Data records:

*** Begin section ***

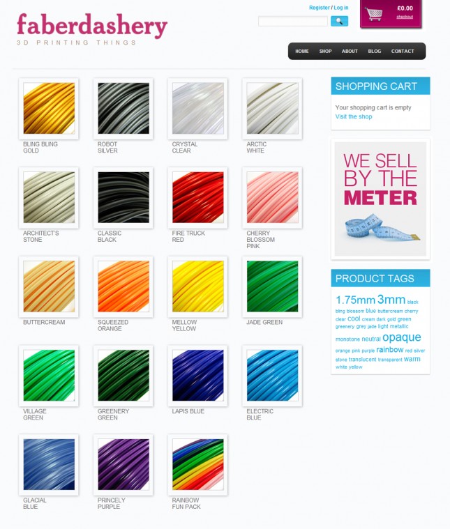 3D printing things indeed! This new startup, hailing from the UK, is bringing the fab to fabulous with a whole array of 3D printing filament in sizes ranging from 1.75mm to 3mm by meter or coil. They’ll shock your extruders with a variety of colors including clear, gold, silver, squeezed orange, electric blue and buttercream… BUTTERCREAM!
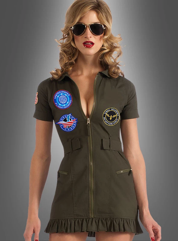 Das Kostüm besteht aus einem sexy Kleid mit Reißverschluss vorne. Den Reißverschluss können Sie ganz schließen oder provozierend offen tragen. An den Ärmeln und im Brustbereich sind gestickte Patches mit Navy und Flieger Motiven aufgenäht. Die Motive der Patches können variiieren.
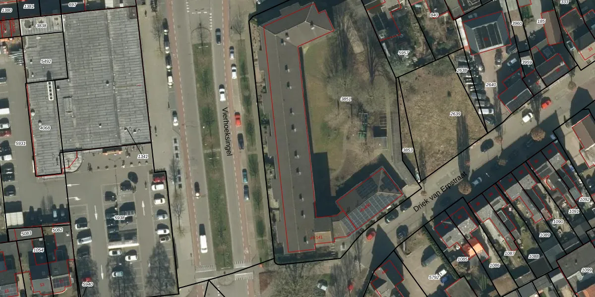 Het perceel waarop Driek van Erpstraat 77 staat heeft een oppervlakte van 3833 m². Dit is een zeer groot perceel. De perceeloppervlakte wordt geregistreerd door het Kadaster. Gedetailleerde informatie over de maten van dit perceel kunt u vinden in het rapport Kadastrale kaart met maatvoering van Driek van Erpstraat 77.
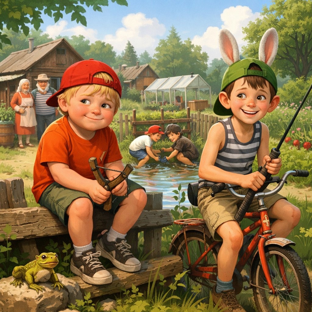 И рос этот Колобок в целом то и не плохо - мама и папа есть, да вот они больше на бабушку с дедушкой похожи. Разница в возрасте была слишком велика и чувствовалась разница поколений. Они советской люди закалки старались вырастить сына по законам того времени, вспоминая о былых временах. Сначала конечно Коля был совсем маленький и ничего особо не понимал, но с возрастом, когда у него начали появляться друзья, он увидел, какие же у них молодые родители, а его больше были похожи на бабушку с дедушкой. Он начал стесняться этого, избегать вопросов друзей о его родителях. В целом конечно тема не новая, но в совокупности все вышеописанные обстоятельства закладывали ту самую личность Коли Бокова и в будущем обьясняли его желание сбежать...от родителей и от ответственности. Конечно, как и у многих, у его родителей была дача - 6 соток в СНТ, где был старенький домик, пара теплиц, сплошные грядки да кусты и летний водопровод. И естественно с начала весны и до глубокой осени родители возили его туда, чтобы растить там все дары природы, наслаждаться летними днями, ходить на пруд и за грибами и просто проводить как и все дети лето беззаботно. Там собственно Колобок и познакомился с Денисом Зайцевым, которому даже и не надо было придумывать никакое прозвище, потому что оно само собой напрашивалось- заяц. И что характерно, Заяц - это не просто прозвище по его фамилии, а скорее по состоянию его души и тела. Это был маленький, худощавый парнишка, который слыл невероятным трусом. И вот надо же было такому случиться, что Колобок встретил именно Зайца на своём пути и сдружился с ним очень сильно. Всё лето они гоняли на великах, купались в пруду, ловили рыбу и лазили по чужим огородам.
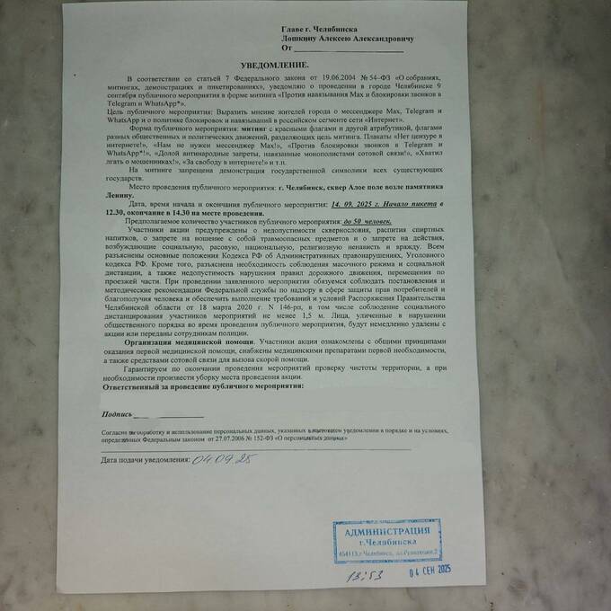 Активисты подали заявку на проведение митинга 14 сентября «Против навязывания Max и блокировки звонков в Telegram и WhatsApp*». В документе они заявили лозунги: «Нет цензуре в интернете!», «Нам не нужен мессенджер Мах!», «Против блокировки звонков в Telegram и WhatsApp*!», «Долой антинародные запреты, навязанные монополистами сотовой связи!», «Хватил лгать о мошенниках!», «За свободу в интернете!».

*** End section ***

Of the lines above, quote exactly those from the one with "Das Kostüm besteht" through the one with "Het perceel waarop", ends included; pictures stay out.

### [TASK ANSWER]
 Das Kostüm besteht aus einem sexy Kleid mit Reißverschluss vorne. Den Reißverschluss können Sie ganz schließen oder provozierend offen tragen. An den Ärmeln und im Brustbereich sind gestickte Patches mit Navy und Flieger Motiven aufgenäht. Die Motive der Patches können variiieren.
 Het perceel waarop Driek van Erpstraat 77 staat heeft een oppervlakte van 3833 m². Dit is een zeer groot perceel. De perceeloppervlakte wordt geregistreerd door het Kadaster. Gedetailleerde informatie over de maten van dit perceel kunt u vinden in het rapport Kadastrale kaart met maatvoering van Driek van Erpstraat 77.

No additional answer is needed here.